OK, I found the guilty: /sys

That symlink linked to... something that does not exist (/usr/src/sys) !
The trick was to link /sys to /usr/include/sys.
Do you have a idea what package created the wrong broken-link /sys?

Thanks.


----------



## kpa (Oct 2, 2016)

fredvs said:


> Hello.
> 
> OK, I found the guilty: /sys
> 
> ...



Don't do that, you're supposed to install the system sources in /usr/src and then the /sys symlink will point to the correct target /usr/src/sys.


----------



## fredvs (Oct 3, 2016)

kpa thanks for your answer.

If I may, it is extremely difficult to make FreeBSD work, and this mainly because of strange way to manage your ports.
I use msfBSD.iso as base FreeBSD for polYdev disto.
In that base system, the sources are in /usr/include/sys and the directory /usr/src/sys is empty.
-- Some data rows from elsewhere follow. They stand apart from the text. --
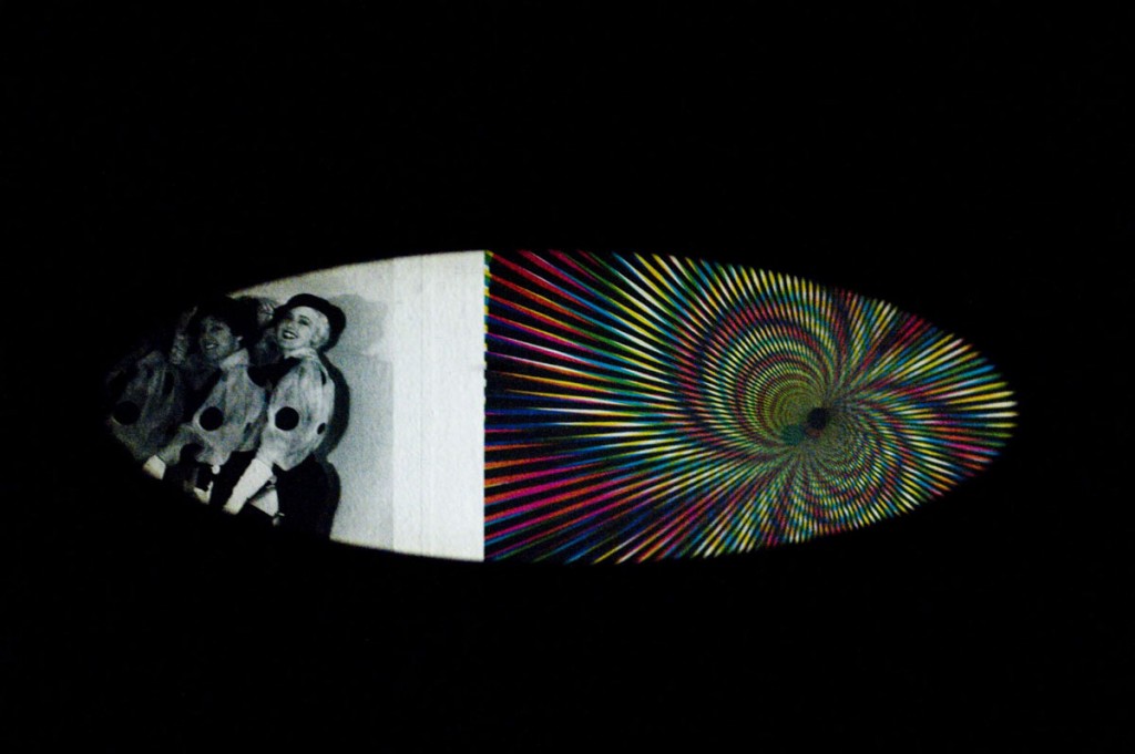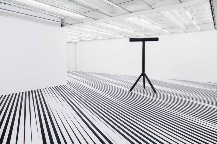 Circumvolutions, cycles and rotations: another feature of the show lies in the fact of presenting a number of pieces very formally incorporating the figure of the circle and the loop. From the gesture of bypassing which is the basis of Ulla von Brandenburg’s film (Around, 2005)—in a loop–, to the 360o revolutions adopted by both Pierre Bismuth’s and Philippe Decrauzat’s pieces, this figure and its many different forms stake out the exhibition like so many footholds in the space.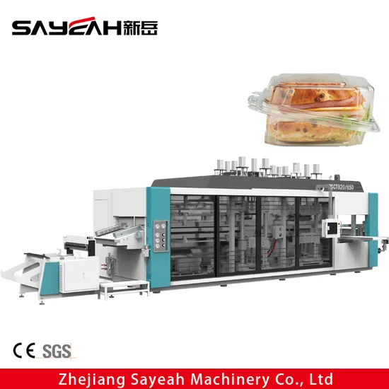 The model of FSCT-820/650 thermoforming machine is our lastest developed products, it combines forming, punching, cutting and stacking in one process.This machine is specialized for forming PP, PS, HIPS, PVC, PET,OPS, EPS, C-PET, PLA, C-PLA, ABS or other materials sheet that can be widely used to produce all kinds of food and non-food packaging products like plastic trays, containers, boxes, lids and son on.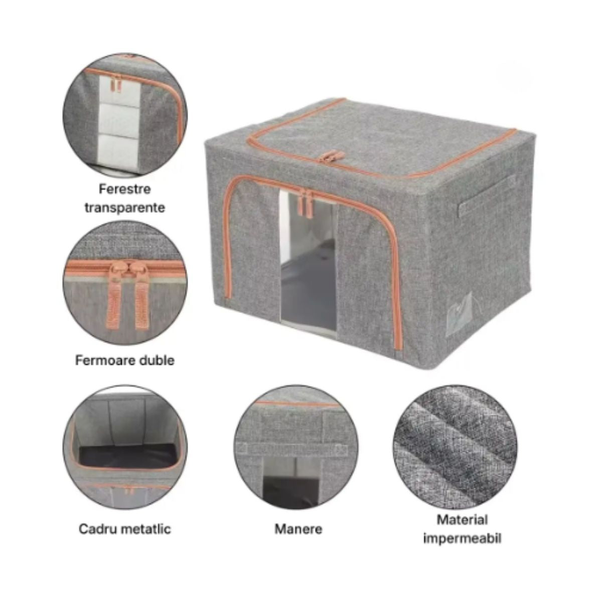 Cutie Depozitare Multifunctionala, cu Cadru Metalic, Fermoar Dublu și Ferestre Transparente, Naimeed D7653, dimensiuni 50x40x33cm, Gri inchis
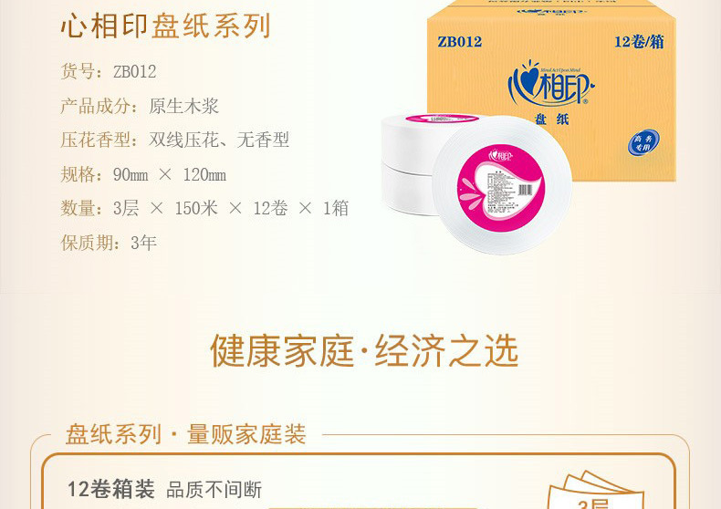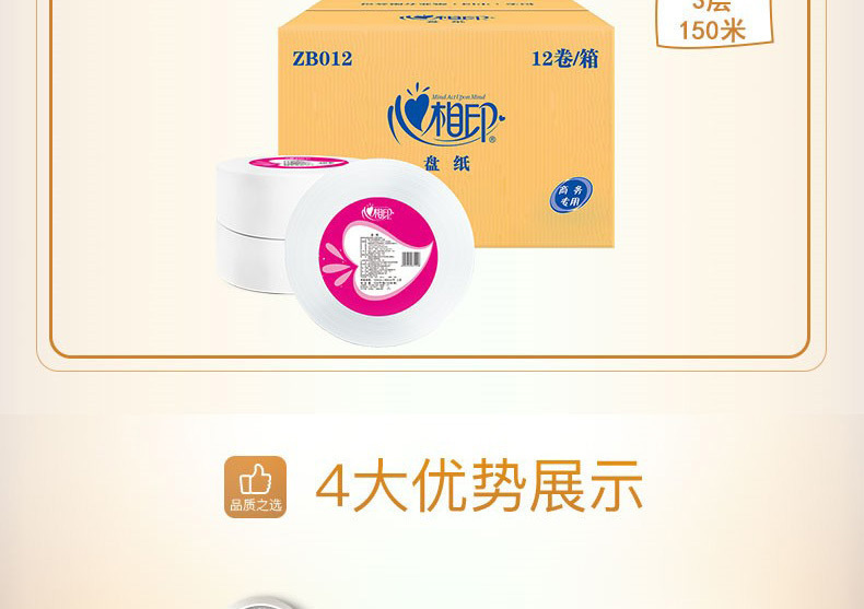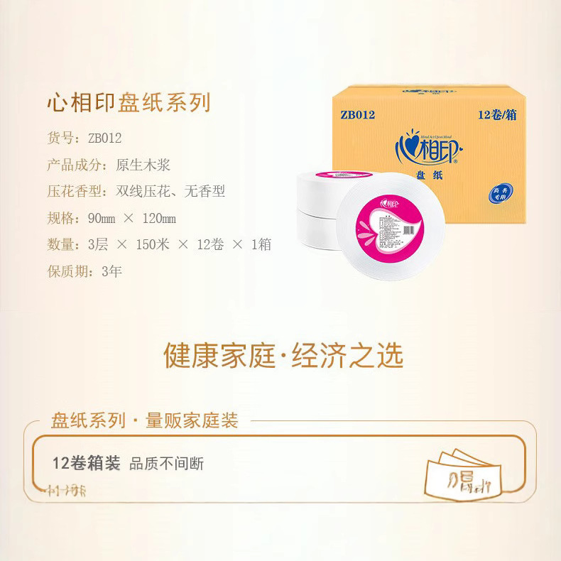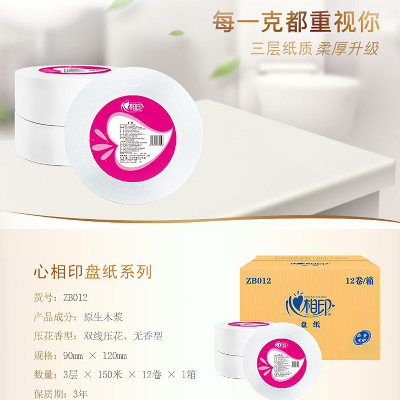 Большой рулон бумаги Xinxiangyin, 3-слойная, 150.12m рулона, туалетная бумага в полной коробке для коммерческого использования в компаниях, отелях и гостевых домах.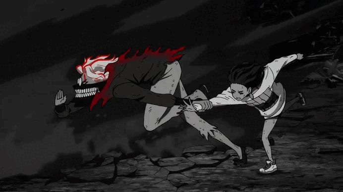 - Okarun's first name and white hair and black mouth mask when using Turbo Granny's power draws reference to Ken Kaneki from the series Tokyo Ghoul. The two also coincidentally share the same Japanese voice actor Natsuki Hanae.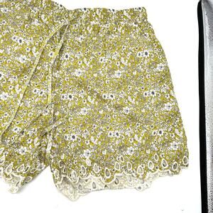Solitaire Gold Floral Eyelet Trim High Rise Elastic Waistband Shorts Wmns Large
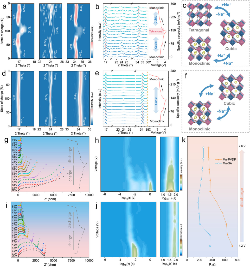 图4. 结构和动态演变的比较。a)原位XRD图谱,b)相应曲线和(c)Mn-SA电极在第一个循环过程中的相变过程示意图。d)原位XRD图谱,e)相应曲线和(f)Mn-PVDF电极在第一个循环过程中的相变过程示意图。g)Mn-SA电极的原位EIS分析和(h)DRT分析。i)Mn-PVDF电极的原位EIS分析和(j)DRT分析。k)放电阶段EIS半圆区域的电阻。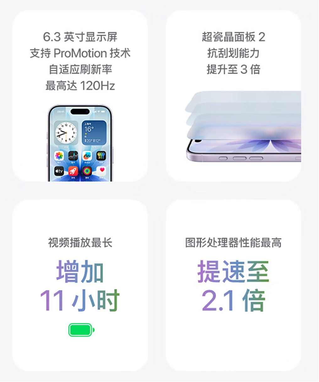 屏幕方面,iPhone 17 标准版配备更大的 6.3 英寸屏幕,苹果进一步收窄边框,并支持 ProMotion,最高刷新率为 120Hz,且最低可以到 1Hz。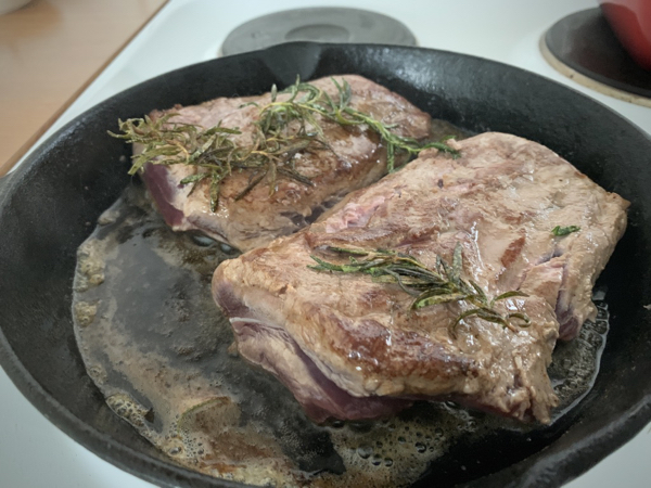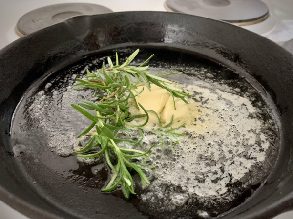 Valurautapannuun köntsä voita ja rosmariinin oksa makua antamaan. Kun pannu hiljeni niin fileen palat pannulle saamaan väriä ja paistamaan pinnat kiinni.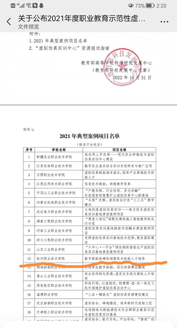 日前,教育部公布了2021年度职业教育示范性虚拟仿真实训基地培育项目典型案例,我校特种设备学院报送的项目“数字赋能电梯检测高技术技能人才培养”成功入选。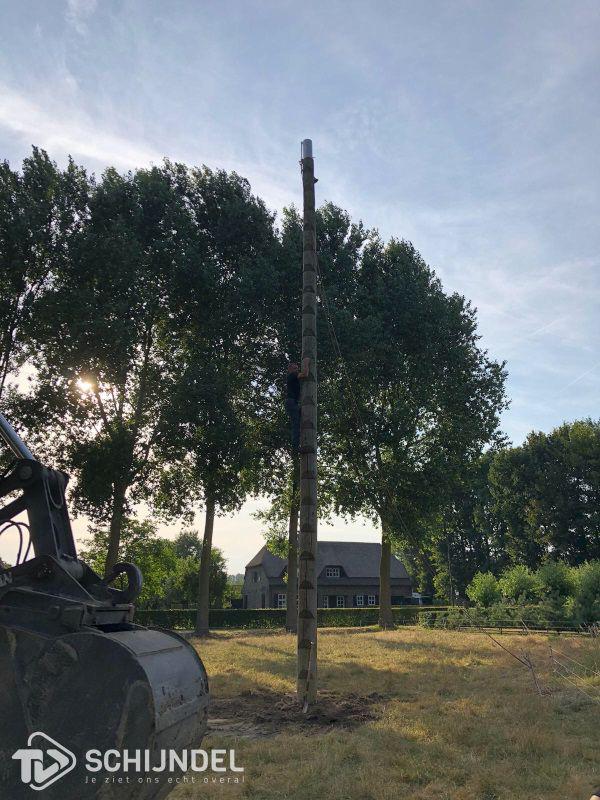 Schijndel - Afgelopen week zijn de palen voor het paalklimmen in het Wijbosch alweer geplaatst. Dit jaar wordt op 8 september de elfde editie van het Paalklimmen Wijbosch georganiseerd. Dit jaar is er wederom een markt met onder andere workshops waar je aan kunt deelnemen, lekker eten en drinken, kraampjes met allerlei snuisterijen, kinderen kunnen worden geschminkt, er is een clown, een luchtkussen en er is een huifkar waar ze een ritje mee mogen rijden. Het geheel wordt muzikaal ondersteund door oa. de band Yellow Pants…..en natuurlijk wordt er ook geklommen op zaterdag 8 september. Klimmen in palen van 14 meter hoog, de bel luiden. Gewoon om eens te proberen om te kijken of je toch ook die waaghals bent of om mee te doen aan de competitie, de snelste tijd proberen neer te zetten en naar huis gaan met een beker en natuurlijk een jaar lang de titel. De jeugd vanaf 8 jaar kan zich aanmelden om 14 uur de volwassenen vanaf 16 jaar om 20 uur.

It was a hell to do gcc work, even using official FreeBSD package.
One of the reason was that broken link /sys.

Other example extremely disagreeable: last libiconv-1.14_9.txz package FreeBSD 64.
You keep the same name for the same library : libiconv.so.2.5.1 and for the same package :libiconv-1.14_9.txz
but, without to prevent anybody, you deleted the declared method `iconv_open` and change it for `libiconv_open`.

So, when update to new libiconv-1.14_9.txz (that has the same name than old one), all the applications that use libiconv.so.2.5.1 and `iconv_open` do not work anymore.
Sorry but that is not serious way to manage your packages, it is even worse than Linux does.

I permit myself to give that criticism because I think that, after spend lot of hours and loosing all my hair, I have te right to do it.

Also, never answers or help from FreeBSD forum is sad.

Fre;D


----------



## SirDice (Oct 3, 2016)

Please note that mfsBSD is not an officially supported derivative. Any issues with it should be reported to its creator.


----------



## fredvs (Oct 4, 2016)

SirDice said:


> Please note that mfsBSD is not an officially supported derivative. Any issues with it should be reported to its creator.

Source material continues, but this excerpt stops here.